Meritage Homes Corp. recently paid about $2.9 million to California Bank & Trust, a unit of Zions Bancorp, for a loan backed by 81 finished lots in the Quail Springs subdivision of Chandler, Ariz., a suburb of Phoenix, said Steve Davis, chief operating officer of the home builder. Meritage then foreclosed on that loan to gain control of the lots and expects to begin offering homes there within a few months, Mr. Davis said.

The price for the lots works out to roughly the costs of the improvements, including roads and sewers, already in place, Mr. Davis said. In effect, Meritage is getting the land for free and paying only for the improvements, he said. A spokeswoman for California Bank & Trust confirmed the transaction.

The lots Meritage is buying in Chandler would have cost about three times as much in 2005, said Howard Weinstein, a land broker at Land Advisors Organization in Phoenix. The average cost of a lot of 6,000 to 7,000 square feet in the Phoenix suburbs of Gilbert and Chandler soared from about $36,000 in 2001 to a peak of $120,000 in 2005. Since then, the cost has sunk to $35,000, Mr. Weinstein said.

Chandler is attractive because it is home to major semiconductor plants, providing high-wage jobs, and is more affordable than nearby Scottsdale, Mr. Davis said. Meritage expects to build homes priced at $180,000 to $200,000 on the Quail Springs lots, he said.

So far so good, right? Well it was for me, you know a revival of animal spirits, faith in the future and all of that. Then I stumble across the Arizona Republic article.

Now before I get there indulge me for a moment. This paper is like so many community or regional news outlets. They know who butters their bread and in Phoenix no one spreads the advertising butter thicker than the real estate industry. The last few months the paper has pretty much been on the “green shoots” meme when it comes to real estate. That’s what made this article so astounding.

Thomas Kelly explains the foreclosure process to those outside the banking industry by likening it to a tube.

“You get put in the tube when you’re 90 days late, and you might come out the other end of the tube six months later,” said Kelly, spokesman for JPMorgan Chase & Co.

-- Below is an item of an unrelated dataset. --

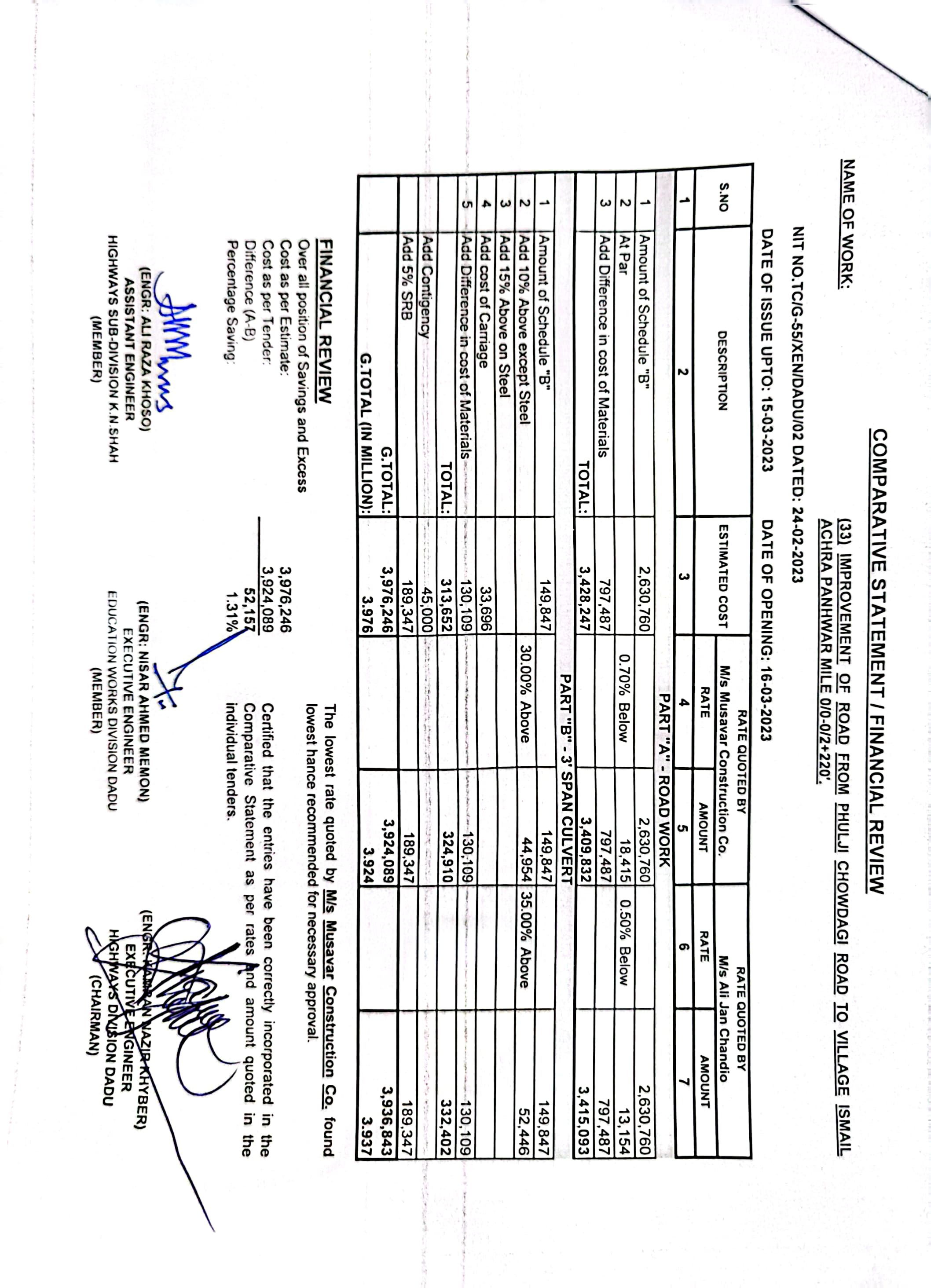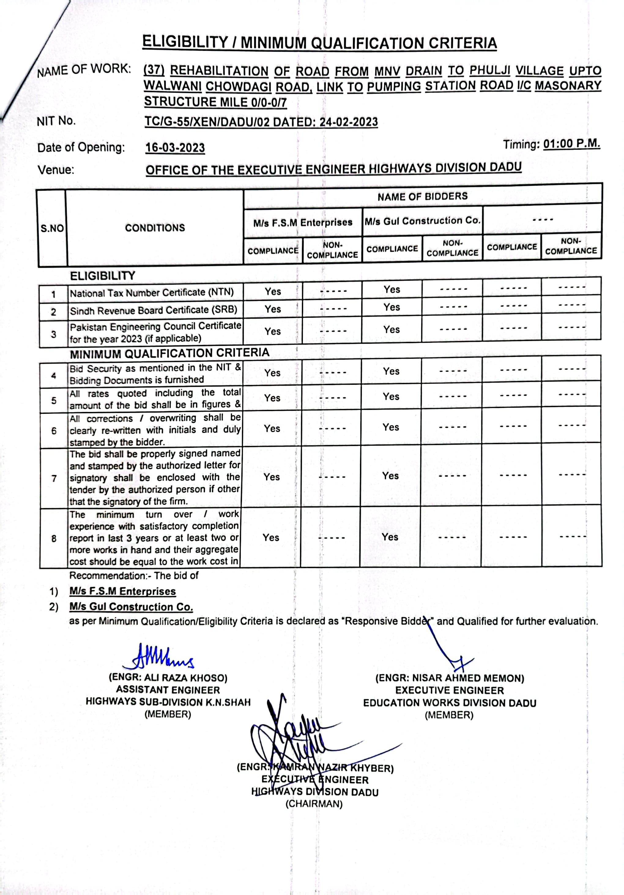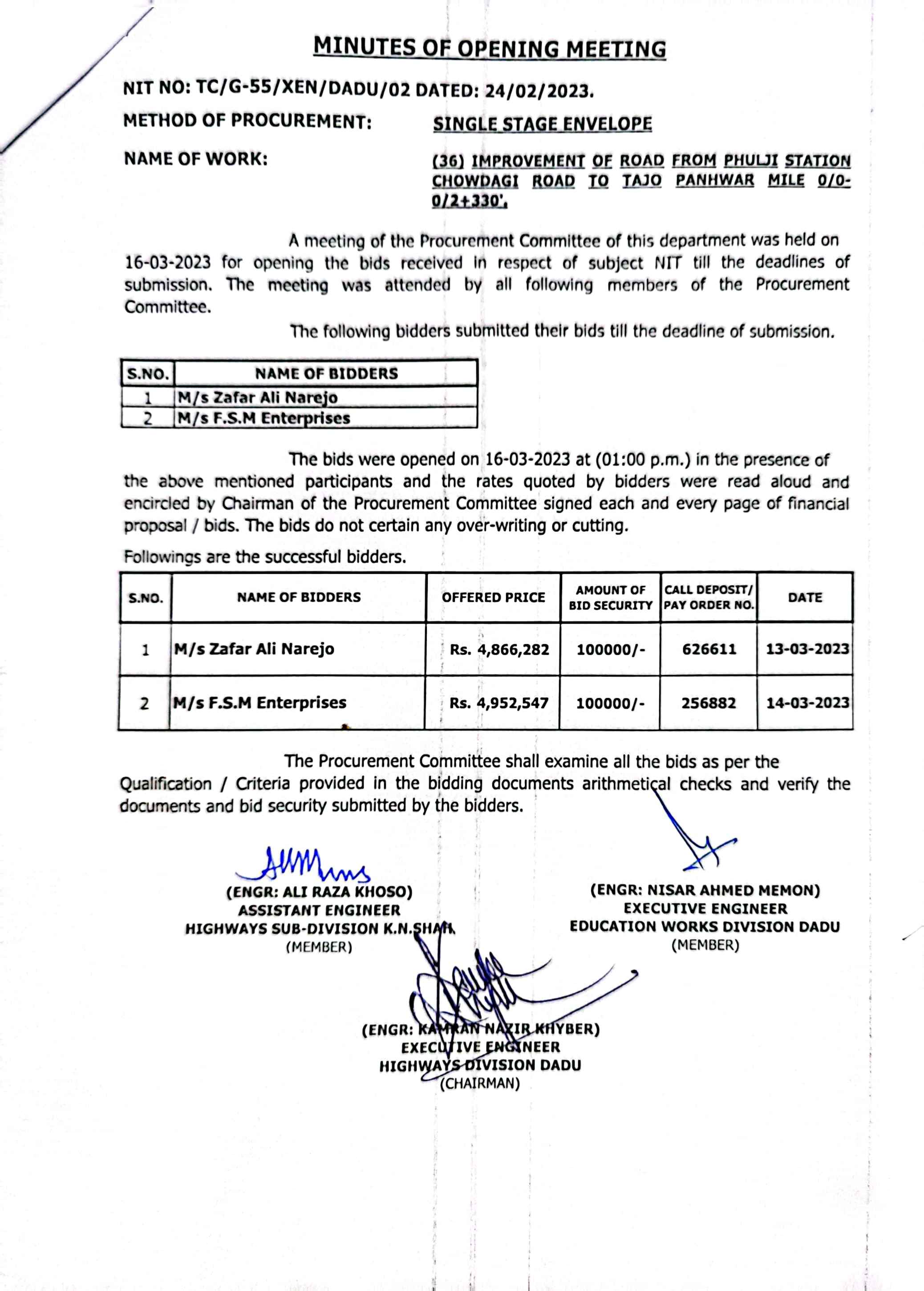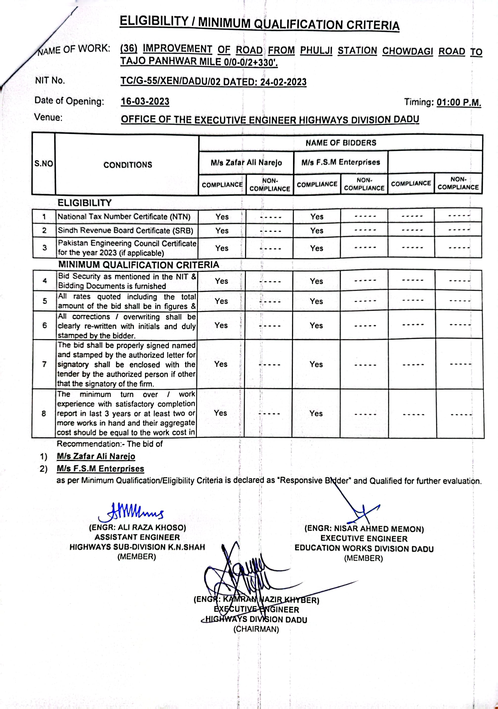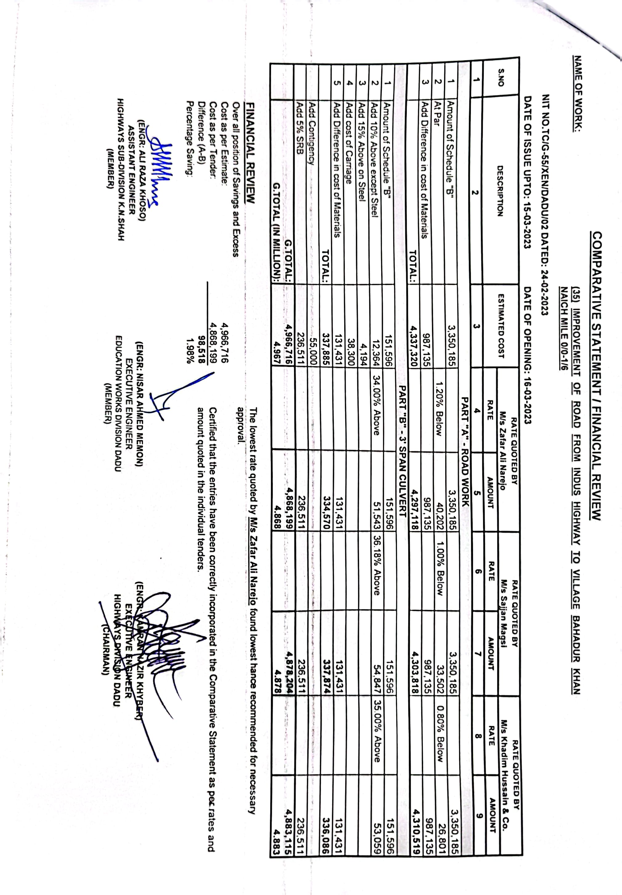 | T00537-22-0002 | BE00537-22-0035 | 35.Improvement of road from Phulji Station Chowdagi road to Tajo Panhwar mile 0/0-0/2+330'. | Executive Engineer Highway Division Dadu (51-Works and Services Department) | 20-03-2023 | Dadu | Active |

What Kelly’s analogy doesn’t explain is how, for the past three years, thousands more Phoenix-area property owners have been entering the tube each month than coming out of it.

At present, the system is backed up with more than 45,000 “pending” foreclosures, up from about 2,300 in June 2006, according to a historical analysis by the Information Market, a Phoenix research firm.

Most experts expect pending foreclosures to increase even more before leveling off sometime within the next 12 months.

For a little perspective on that 45,000 number, consider that in the last three years in Phoenix about 73,000 homes have been taken back by the lender. Take it a step further and ponder the fact that there should be about 5,000 foreclosures completed this month which will be second only to the 5,240 foreclosures recorded in February. Want another statistic? As of Friday 5,700 pre-foreclosure notices have been served.

I’ll paint an even bleaker picture for you. Here is an historical view:

Month Pending Foreclosures

June 2009            45,709

Dec 2008             30,812

June 2008           23,870

Dec 2007            12,888

June 2007            6,538

Dec 2006             4,140

June 2006           2,311

I’ll let you read the entire story and I recommend that you do so. Pay particular attention to the end in which the author talks about the impending commercial real estate bust.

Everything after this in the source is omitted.